_PROVIDED DATA_
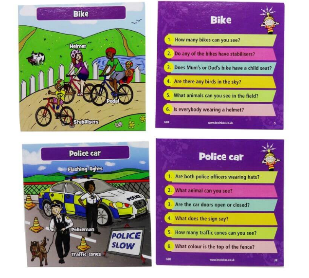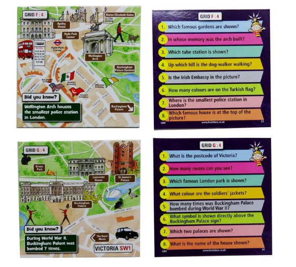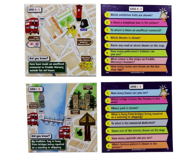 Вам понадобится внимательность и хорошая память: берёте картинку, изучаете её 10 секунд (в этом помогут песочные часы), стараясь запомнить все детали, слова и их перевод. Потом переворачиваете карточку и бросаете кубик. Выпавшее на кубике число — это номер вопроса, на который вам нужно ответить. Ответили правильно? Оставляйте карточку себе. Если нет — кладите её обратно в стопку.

---

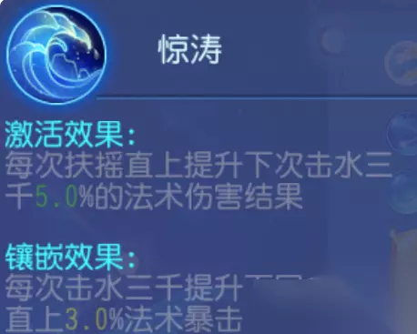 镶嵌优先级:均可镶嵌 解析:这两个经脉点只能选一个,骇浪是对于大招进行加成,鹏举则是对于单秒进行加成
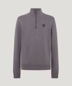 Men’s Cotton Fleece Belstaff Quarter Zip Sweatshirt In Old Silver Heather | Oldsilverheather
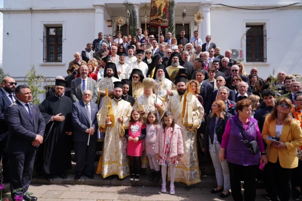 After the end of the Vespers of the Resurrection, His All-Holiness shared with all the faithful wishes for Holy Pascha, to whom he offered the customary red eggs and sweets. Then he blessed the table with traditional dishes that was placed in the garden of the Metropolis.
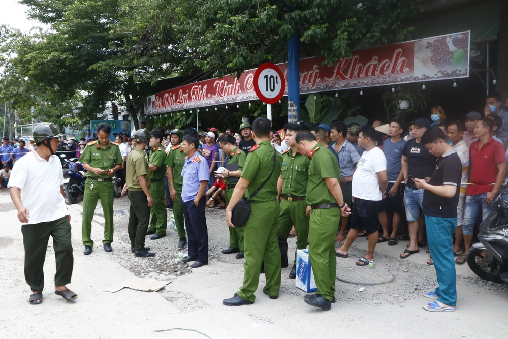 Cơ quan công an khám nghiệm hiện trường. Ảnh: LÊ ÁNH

_WHAT IS BEING ASKED_
Print exactly, with no pictures, the lines above from the one that holds "镶嵌优先级:均可镶嵌 解析:这两个经脉点" through the one that holds "Cơ quan công", both of them included.

_THE COMPLETED TASK_
 镶嵌优先级:均可镶嵌 解析:这两个经脉点只能选一个,骇浪是对于大招进行加成,鹏举则是对于单秒进行加成
 Men’s Cotton Fleece Belstaff Quarter Zip Sweatshirt In Old Silver Heather | Oldsilverheather
 After the end of the Vespers of the Resurrection, His All-Holiness shared with all the faithful wishes for Holy Pascha, to whom he offered the customary red eggs and sweets. Then he blessed the table with traditional dishes that was placed in the garden of the Metropolis.
 Cơ quan công an khám nghiệm hiện trường. Ảnh: LÊ ÁNH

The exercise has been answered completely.